For example, I believe in the past that's how Cargo's tests would work (separate integration tests that would share the same directory). If they ran concurrently, they would corrupt each others' files.

It would be possible to add some kind of coordination around those shared resources, but that would require changing those tests or the way people are running them.

epage commented 1 year ago

Ok, so the concern is with running multiple test binaries at the same time which won't have any way to coordinate.

And yes, multiple binaries using cargo_test macro will stomp on each other as they use the same tmp dirs

epage commented 1 year ago

It seems the only change to my proposal we need to make is the changing of the default cargo/libtest protocol field. We'd have the leave the old protocol in place and then change the default on an edition boundary with cargo fix making it explicit for existing users.

Alxandr commented 1 year ago

Slightly related, I just created (and I know others has as well) a utility to do testing across features-sets. The utility I've created allows me to do cargo featurex test and that will run all tests on all feature permutations (that are not excluded by config) on all packages in a workspace.
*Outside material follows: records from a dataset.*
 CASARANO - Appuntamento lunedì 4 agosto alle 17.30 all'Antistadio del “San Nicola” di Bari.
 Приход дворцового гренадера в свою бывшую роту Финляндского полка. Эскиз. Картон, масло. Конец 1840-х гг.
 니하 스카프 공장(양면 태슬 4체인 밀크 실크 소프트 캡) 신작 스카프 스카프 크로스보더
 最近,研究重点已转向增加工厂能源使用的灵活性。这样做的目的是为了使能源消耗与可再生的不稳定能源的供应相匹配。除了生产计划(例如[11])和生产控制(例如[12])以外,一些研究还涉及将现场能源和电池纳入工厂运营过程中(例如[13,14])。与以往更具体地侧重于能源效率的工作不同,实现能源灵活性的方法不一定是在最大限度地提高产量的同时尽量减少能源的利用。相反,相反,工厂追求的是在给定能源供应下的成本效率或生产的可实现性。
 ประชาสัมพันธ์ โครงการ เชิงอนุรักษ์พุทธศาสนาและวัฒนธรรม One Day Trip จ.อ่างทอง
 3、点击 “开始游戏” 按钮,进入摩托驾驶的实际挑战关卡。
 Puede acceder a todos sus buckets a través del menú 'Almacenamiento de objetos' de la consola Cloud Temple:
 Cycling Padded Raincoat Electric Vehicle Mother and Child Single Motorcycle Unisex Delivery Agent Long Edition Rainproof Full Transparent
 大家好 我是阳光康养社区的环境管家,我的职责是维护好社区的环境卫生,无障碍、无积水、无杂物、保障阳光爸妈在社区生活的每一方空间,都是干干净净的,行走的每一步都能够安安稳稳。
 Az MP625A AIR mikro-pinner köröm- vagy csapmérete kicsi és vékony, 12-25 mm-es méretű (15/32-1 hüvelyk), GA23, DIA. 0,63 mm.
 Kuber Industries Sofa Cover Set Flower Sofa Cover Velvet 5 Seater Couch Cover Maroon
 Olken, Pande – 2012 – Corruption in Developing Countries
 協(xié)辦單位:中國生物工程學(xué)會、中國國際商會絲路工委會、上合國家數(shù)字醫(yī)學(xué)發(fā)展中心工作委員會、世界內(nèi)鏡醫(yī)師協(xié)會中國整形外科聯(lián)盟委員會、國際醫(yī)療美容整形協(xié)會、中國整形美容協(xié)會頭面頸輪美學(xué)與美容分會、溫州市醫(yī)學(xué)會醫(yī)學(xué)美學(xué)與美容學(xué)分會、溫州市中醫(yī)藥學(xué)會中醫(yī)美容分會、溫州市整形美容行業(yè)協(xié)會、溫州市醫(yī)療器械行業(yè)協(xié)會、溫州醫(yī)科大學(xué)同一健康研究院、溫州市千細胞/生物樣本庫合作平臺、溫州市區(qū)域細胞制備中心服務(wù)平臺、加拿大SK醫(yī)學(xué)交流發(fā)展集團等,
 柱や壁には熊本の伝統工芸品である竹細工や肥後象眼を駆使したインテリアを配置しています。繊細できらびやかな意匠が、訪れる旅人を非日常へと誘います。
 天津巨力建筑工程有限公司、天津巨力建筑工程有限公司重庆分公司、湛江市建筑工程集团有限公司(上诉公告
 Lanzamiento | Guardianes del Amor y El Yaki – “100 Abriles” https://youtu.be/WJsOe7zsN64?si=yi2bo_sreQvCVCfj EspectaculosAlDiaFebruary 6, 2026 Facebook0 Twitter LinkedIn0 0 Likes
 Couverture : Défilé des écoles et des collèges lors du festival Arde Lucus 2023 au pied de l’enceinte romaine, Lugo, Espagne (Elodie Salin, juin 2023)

Currently, this just builds up a set of permutations, and loops through calling cargo test on each of them, producing the following output:

However, being able to spawn all (or a number of) the tests at once and collect the answers into one output-stream would probably be much more efficient. The compiling part and permutations part is obviously out of scope for this issue, but the cargo/libtest protocol would potentially be very interesting.

epage commented 1 year ago

Something we'll need to keep in mind is that cargo bench might benefit from some of the protocol changes but should not manage the parallel tests so the benches can run serially.

sanmai-NL commented 1 year ago

Something we'll need to keep in mind is that cargo bench might benefit from some of the protocol changes but should not manage the parallel tests so the benches can run serially.

Manage, as in? I think I understand your point but you mean it should be able to manage, then?

epage commented 1 year ago

The plan is for cargo test to orchestrate the threads through jobserver. For cargo bench, that likely won't work because the bench needs exclusive access to the machine, so instead we'll want to only run one bench binary at a time and have that bench binary track how many, if any, threads it creates.

epage commented 1 year ago

This might also help with rust-lang/rust#48532

tgross35 commented 1 year ago

I think whatever the resolution is here should probably address setup and teardown to some extent, even if there isn't anything specifically supported by cargo test. I haven't run into actual conflicts but I think that one of the problems with cargo-nextest framework is that it launches several instances of each test binary.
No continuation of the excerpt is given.